**DATA RECORDS**.
########################################
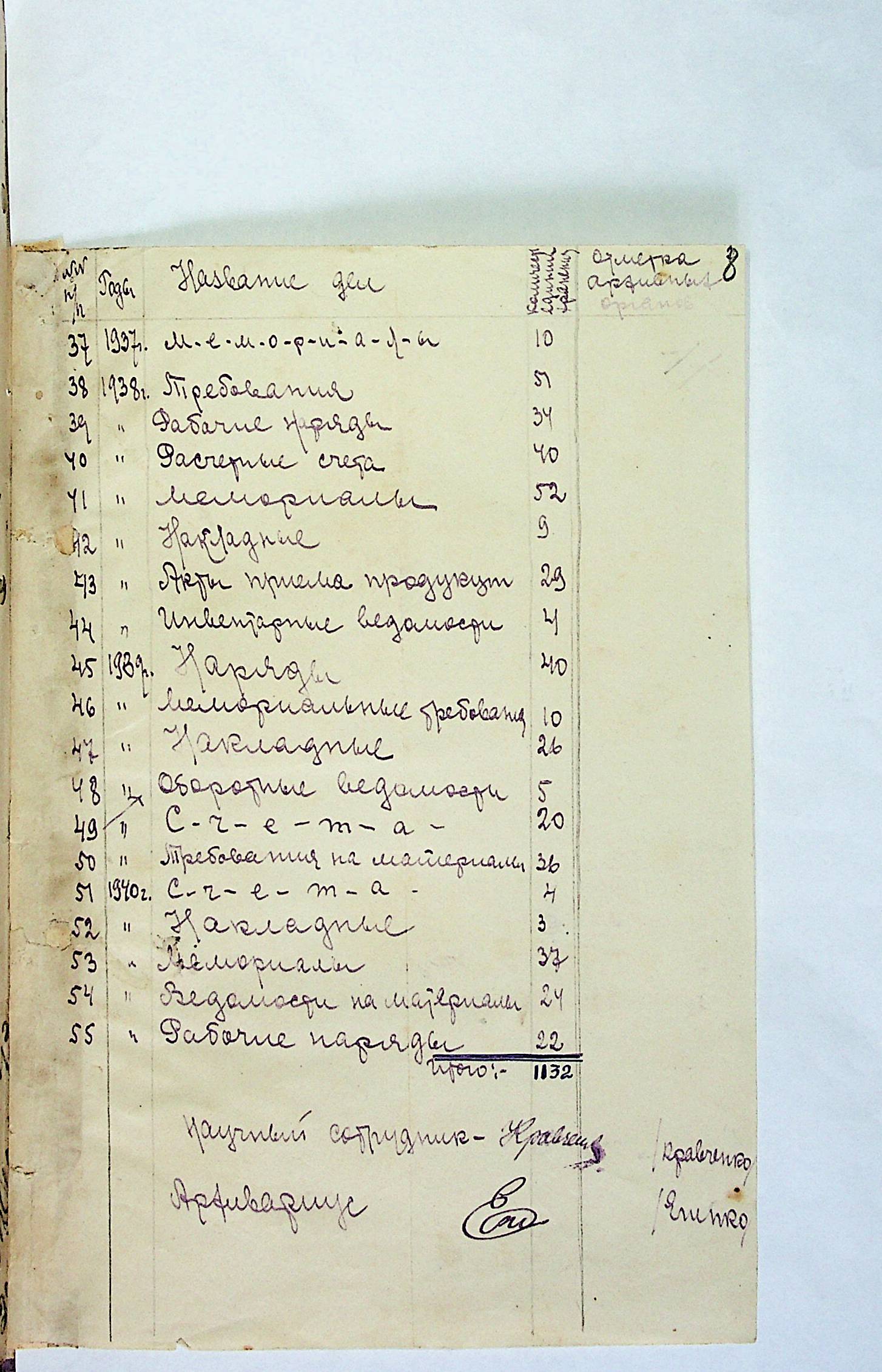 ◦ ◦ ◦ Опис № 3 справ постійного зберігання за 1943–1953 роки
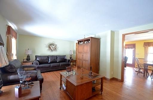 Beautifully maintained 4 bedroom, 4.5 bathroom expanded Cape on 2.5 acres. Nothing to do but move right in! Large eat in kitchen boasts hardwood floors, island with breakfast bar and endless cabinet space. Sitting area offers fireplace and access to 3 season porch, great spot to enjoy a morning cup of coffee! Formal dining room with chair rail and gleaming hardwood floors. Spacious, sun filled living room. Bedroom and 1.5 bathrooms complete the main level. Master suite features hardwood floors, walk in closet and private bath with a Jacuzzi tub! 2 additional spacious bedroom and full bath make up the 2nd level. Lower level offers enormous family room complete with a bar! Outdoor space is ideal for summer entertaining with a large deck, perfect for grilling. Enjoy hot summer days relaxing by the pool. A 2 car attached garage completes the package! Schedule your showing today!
########################################
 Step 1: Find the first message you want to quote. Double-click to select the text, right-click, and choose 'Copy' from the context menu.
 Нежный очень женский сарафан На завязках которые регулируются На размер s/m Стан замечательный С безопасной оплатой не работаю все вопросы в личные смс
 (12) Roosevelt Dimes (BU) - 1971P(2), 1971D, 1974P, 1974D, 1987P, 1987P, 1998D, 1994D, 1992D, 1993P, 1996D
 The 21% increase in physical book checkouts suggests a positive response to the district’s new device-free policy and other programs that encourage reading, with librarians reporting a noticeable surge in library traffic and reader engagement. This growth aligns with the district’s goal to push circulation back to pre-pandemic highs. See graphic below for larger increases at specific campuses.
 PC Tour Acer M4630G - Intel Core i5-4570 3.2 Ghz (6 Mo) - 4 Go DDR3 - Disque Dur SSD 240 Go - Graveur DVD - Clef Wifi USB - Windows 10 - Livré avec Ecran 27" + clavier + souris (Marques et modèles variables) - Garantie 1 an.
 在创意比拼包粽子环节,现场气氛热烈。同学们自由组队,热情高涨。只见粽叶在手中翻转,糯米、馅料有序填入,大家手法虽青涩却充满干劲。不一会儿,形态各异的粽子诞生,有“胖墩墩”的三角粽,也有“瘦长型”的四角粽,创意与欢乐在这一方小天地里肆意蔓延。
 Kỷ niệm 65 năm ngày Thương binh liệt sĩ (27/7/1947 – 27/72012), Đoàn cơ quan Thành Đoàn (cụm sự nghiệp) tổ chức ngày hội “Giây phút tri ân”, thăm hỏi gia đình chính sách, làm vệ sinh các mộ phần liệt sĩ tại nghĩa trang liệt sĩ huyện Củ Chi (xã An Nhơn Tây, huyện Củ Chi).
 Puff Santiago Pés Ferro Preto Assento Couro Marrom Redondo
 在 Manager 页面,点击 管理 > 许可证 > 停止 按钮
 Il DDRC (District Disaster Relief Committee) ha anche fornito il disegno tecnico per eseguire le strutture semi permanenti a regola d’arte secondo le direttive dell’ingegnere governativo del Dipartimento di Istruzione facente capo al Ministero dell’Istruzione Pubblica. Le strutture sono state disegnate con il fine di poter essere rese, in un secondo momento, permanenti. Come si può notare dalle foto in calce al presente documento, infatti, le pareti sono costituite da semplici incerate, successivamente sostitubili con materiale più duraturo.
########################################
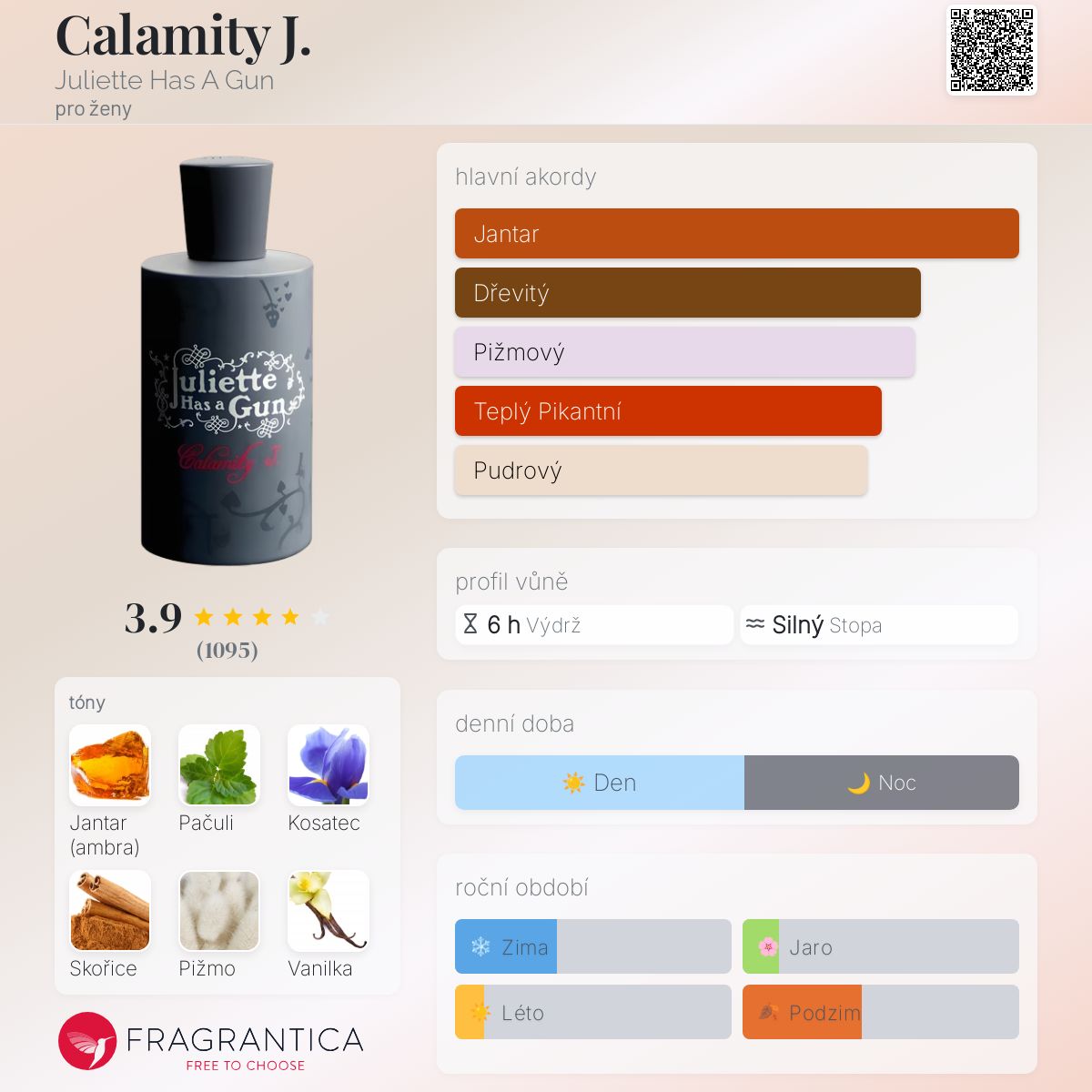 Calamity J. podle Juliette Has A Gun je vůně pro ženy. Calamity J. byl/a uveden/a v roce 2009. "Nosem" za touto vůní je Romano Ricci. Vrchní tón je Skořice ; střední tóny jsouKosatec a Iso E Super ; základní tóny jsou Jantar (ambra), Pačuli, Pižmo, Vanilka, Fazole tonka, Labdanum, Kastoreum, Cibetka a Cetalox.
########################################
**WORK INSTRUCTIONS**.
Copy out each line of the data above, exactly, if it lies between the line holding "Step 1: Find" and the line holding "Il DDRC (District", inclusive; copy no other line.

**TASK SOLUTION**.
 Step 1: Find the first message you want to quote. Double-click to select the text, right-click, and choose 'Copy' from the context menu.
 Нежный очень женский сарафан На завязках которые регулируются На размер s/m Стан замечательный С безопасной оплатой не работаю все вопросы в личные смс
 (12) Roosevelt Dimes (BU) - 1971P(2), 1971D, 1974P, 1974D, 1987P, 1987P, 1998D, 1994D, 1992D, 1993P, 1996D
 The 21% increase in physical book checkouts suggests a positive response to the district’s new device-free policy and other programs that encourage reading, with librarians reporting a noticeable surge in library traffic and reader engagement. This growth aligns with the district’s goal to push circulation back to pre-pandemic highs. See graphic below for larger increases at specific campuses.
 PC Tour Acer M4630G - Intel Core i5-4570 3.2 Ghz (6 Mo) - 4 Go DDR3 - Disque Dur SSD 240 Go - Graveur DVD - Clef Wifi USB - Windows 10 - Livré avec Ecran 27" + clavier + souris (Marques et modèles variables) - Garantie 1 an.
 在创意比拼包粽子环节,现场气氛热烈。同学们自由组队,热情高涨。只见粽叶在手中翻转,糯米、馅料有序填入,大家手法虽青涩却充满干劲。不一会儿,形态各异的粽子诞生,有“胖墩墩”的三角粽,也有“瘦长型”的四角粽,创意与欢乐在这一方小天地里肆意蔓延。
 Kỷ niệm 65 năm ngày Thương binh liệt sĩ (27/7/1947 – 27/72012), Đoàn cơ quan Thành Đoàn (cụm sự nghiệp) tổ chức ngày hội “Giây phút tri ân”, thăm hỏi gia đình chính sách, làm vệ sinh các mộ phần liệt sĩ tại nghĩa trang liệt sĩ huyện Củ Chi (xã An Nhơn Tây, huyện Củ Chi).
 Puff Santiago Pés Ferro Preto Assento Couro Marrom Redondo
 在 Manager 页面,点击 管理 > 许可证 > 停止 按钮
 Il DDRC (District Disaster Relief Committee) ha anche fornito il disegno tecnico per eseguire le strutture semi permanenti a regola d’arte secondo le direttive dell’ingegnere governativo del Dipartimento di Istruzione facente capo al Ministero dell’Istruzione Pubblica. Le strutture sono state disegnate con il fine di poter essere rese, in un secondo momento, permanenti. Come si può notare dalle foto in calce al presente documento, infatti, le pareti sono costituite da semplici incerate, successivamente sostitubili con materiale più duraturo.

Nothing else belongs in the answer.